▶ [SUPPLIED MATERIAL]:
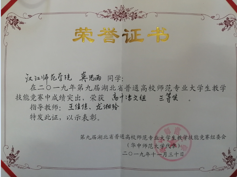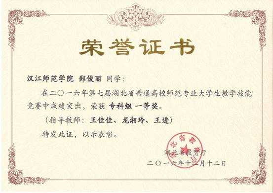 本专业2019年被确定为湖北省一流本科专业建设点。汉语言文学专业教学团队被评为省级教学团队,汉语教研室、古代文学教研室被评为省级优秀基层教学组织。2018年获批湖北省“荆楚卓越教师”协同育人计划项目。获得湖北省高等公司教学成果一等奖1项、二等奖1项、三等奖2项。
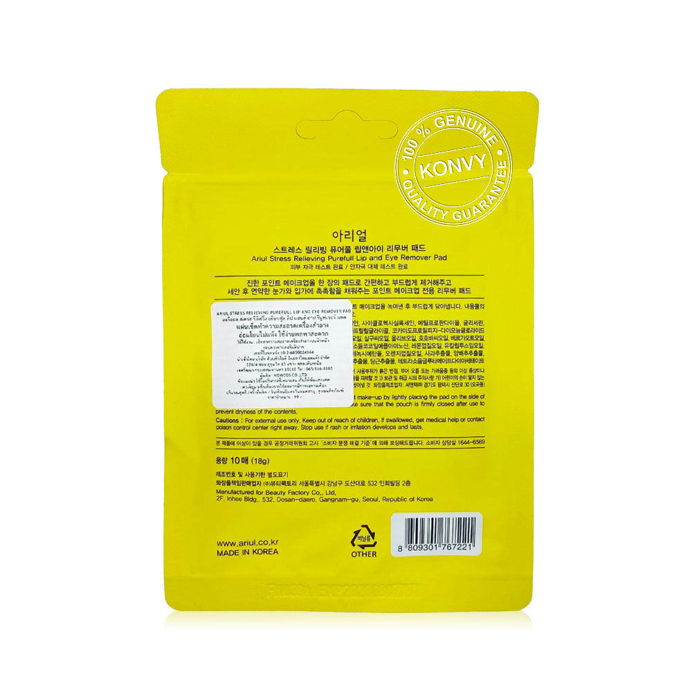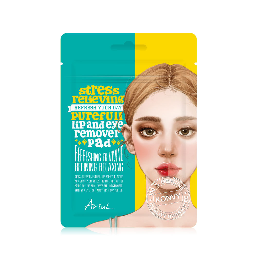 ARIUL Stress Relieving Purefull Lip And Eye Remover Pad 10 Pads แผ่นเช็ดทำความสะอาดผิวหน้า ช่วยทำความสะอาดเครื่องสำอางบริเวณรอบดวงตาและริมฝีปากที่ออกแบบมาเพื่อความสะดวกและประสิทธิภาพสูง เหมาะสำหรับการพกพาและการใช้งานระหว่างเดินทาง มีส่วนผสมของน้ำมันจากเมล็ดแอปริคอต โจโจบา และมะกอก ที่ช่วยให้ความชุ่มชื้นและบำรุงผิว
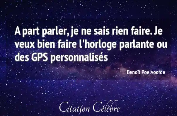 A part parler, je ne sais rien faire. Je veux bien faire l'horloge parlante ou des GPS personnalisés
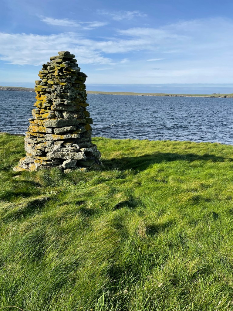Yesterday returned to Jarlshof to walk to Sumburgh lighthouse along a track that skirts the coast which we saw clearly marked from a standing point above, last Friday.   Along the track are many Cairns, we placed stones and I made a wish.   It was sunny and breezy and light – a perfect walk, and this became my favourite walk.
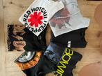 6 kledingstukken. Bands: red hot chili peppers ( t-shirt, pull: l; pink floyd, david bowie, guns&roses: allemaal m. Zgan, bijna niet gedragen.

▶ [TASK TO COMPLETE]: Pictures should be omitted. Please return exactly the lines from the line that holds "ARIUL Stress Relieving" through the end of the records.

▶ [WRITTEN ANSWER]:
 ARIUL Stress Relieving Purefull Lip And Eye Remover Pad 10 Pads แผ่นเช็ดทำความสะอาดผิวหน้า ช่วยทำความสะอาดเครื่องสำอางบริเวณรอบดวงตาและริมฝีปากที่ออกแบบมาเพื่อความสะดวกและประสิทธิภาพสูง เหมาะสำหรับการพกพาและการใช้งานระหว่างเดินทาง มีส่วนผสมของน้ำมันจากเมล็ดแอปริคอต โจโจบา และมะกอก ที่ช่วยให้ความชุ่มชื้นและบำรุงผิว
 A part parler, je ne sais rien faire. Je veux bien faire l'horloge parlante ou des GPS personnalisés
Yesterday returned to Jarlshof to walk to Sumburgh lighthouse along a track that skirts the coast which we saw clearly marked from a standing point above, last Friday.   Along the track are many Cairns, we placed stones and I made a wish.   It was sunny and breezy and light – a perfect walk, and this became my favourite walk.
 6 kledingstukken. Bands: red hot chili peppers ( t-shirt, pull: l; pink floyd, david bowie, guns&roses: allemaal m. Zgan, bijna niet gedragen.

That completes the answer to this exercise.